When creating an LLMClient, you can control throughput with these parameters:

from lm_deluge import LLMClient

client = LLMClient(
    "gpt-4.1-mini",
    max_requests_per_minute=5_000,      # Max API requests per minute
    max_tokens_per_minute=600_000,     # Max tokens per minute
    max_concurrent_requests=500,       # Max simultaneous requests
    max_attempts=5,
    request_timeout=45,
)

How It Works

The scheduler keeps three pools full (requests, tokens, concurrent tasks) and only allows new work to start when all three have room. Each task carries its own token count by calling Conversation.count_tokens(max_new_tokens) prior to dispatch, so every provider request is aware of how much capacity it consumes.
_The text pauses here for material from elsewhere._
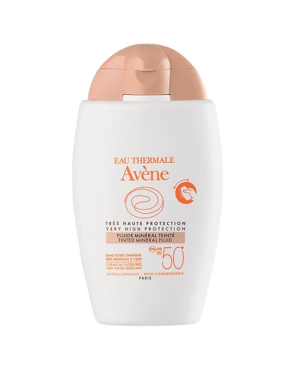 Avene Sun mineralni fluid za zaštitu od sunca SPF50+ savršeno je prikladan za kožu koja ne podnosi kemijske filtre i parfeme. Lagana, fluidna tekstura hidrira osjetljivu i netolerantnu kožu, bez masnog sjaja. Tonirani fluid.

When a request fails, the client decrements attempts_left, waits for any cooling-off period generated by rate-limit errors, and puts the context back on the retry queue. The next attempt can use the same model or a different one depending on the error.

Default Values

If you don’t specify limits, the defaults shown above (1_000 requests/min, 100_000 tokens/min, and 225 concurrent) are used for every model. Pick values that match the quotas issued by each provider.

Multi-Model Rate Limiting

When spraying across multiple models, the rate limits apply to the client as a whole, not per-model:

client = LLMClient(
    ["gpt-4o-mini", "claude-3-haiku", "gemini-1.5-flash"],
    max_requests_per_minute=10_000,  # Shared across all models
    max_tokens_per_minute=500_000,
)

This allows you to maximize throughput by distributing load across providers while still respecting the combined quota.

Progress Display

LM Deluge shows progress as it processes prompts. You can customize the display:

client = LLMClient("gpt-4.1-mini", progress="tqdm")

# Disable progress per call
results = client.process_prompts_sync(prompts, show_progress=False)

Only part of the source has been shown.